Read more: How to Tell if Now Is a Good Time to Ask for a Raise

2. Know What Others are Getting

Before you ask for a raise, you’re going to need to know what kind of raise is reasonable. Check sites like PayScale.com and GlassDoor.com to get an idea of the industry standard for your position, then consult your colleagues to see what the story is internally. For women, that means making sure to check with your male mentors as well. As MONEY’s Margaret Magnarelli writes, female employees tend to be underpaid relative to their male counterparts, and often remain unfairly compensated because they compare salaries with female colleagues who are also underpaid. Gathering a broad cross section of salary data can help break through the ceiling.

Read more: The Foolproof Way to Make Sure You Land a Big Raise This Year

3. Be Able to Prove You’re Better than Average

The 3% average bump that Mercer projects isn’t bad, but being better than the norm can be very lucrative. In 2014, Mercer said the highest-performing employees received a 4.8% raise—more than 2 percentage points higher than the average for that year. How do you show you’re the best of the best? Gather a portfolio of past endorsements and ask satisfied clients to write testimonials. Then do your best to quantify your accomplishments so that your boss has the hard numbers as well.

Read more: 5 Ways to Get a Big Raise Now

4. Identify Your Added Value

Think about what you do that no one else at the office can do—either where you’ve particularly excelled or what highly marketable skill you bring to the table—and then frame your ask around this added value. Jim Hopkinson of SalaryTutor.com suggests framing your requests as follows: “Not only do I have [all the standard requirements that everyone else has] + but I also possess [the following unique traits that make me worth more money].”

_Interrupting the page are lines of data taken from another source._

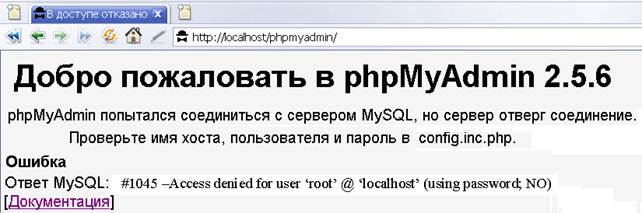 Рис. 1.31. Сообщение от phpMyAdmin. Сообщение: #1045 –Access denied for user ‘root’ @ ‘localhost’ (using password; NO) может вызвать массу рекомендаций по устранению ошибки установки, но практика показывает, что чаще всего на Вашей машине уже установлен MySQL и его запуск прописан в автозагрузке. Если Вы находитесь в Total Commander, то используя, например, клавиши Alt/F7 найдите на своей машине файл My.ini (рис. 1.32).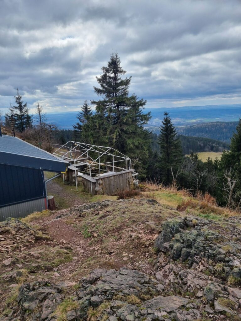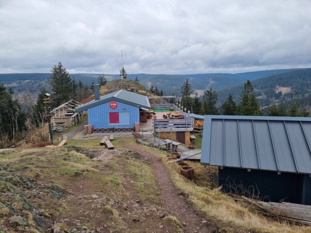 In der Mitte steht die blaue Berghütte mit der großen Aussichtsterrasse. Leider wird sie nur von Mai bis Oktober samstags und sonntags bewirtschaftet. Am 31. März 2025 mussten wir uns natürlich aus dem Rucksack versorgen.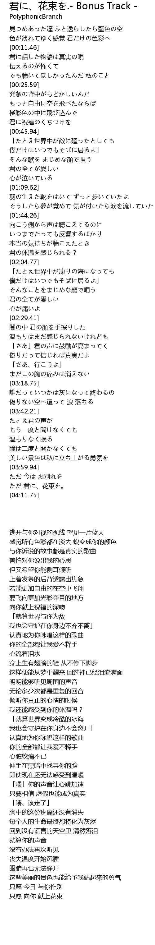 | [04:05.58] | ただ 君に、花束を。 |

Read more: The Secret Formula that Will Set You Apart in a Salary Negotiation

5. Just Ask!

As Wayne Gretzky said, you miss you 100% of the shots you don’t take. According to CareerBuilder, 56% of workers have never asked for a raise, which is a shame because 44% of those who did ask got the amount they asked for, and 31% still got some kind of salary boost. It might seem daunting to ask for more money with the economy still in recovery mode, but job openings are the highest they’ve been in a decade, almost three-quarters of employers say they’re worried about losing talented workers, and raises are gradually getting larger. Being assertive can be scary, but don’t let fear stand in the way of a bigger salary.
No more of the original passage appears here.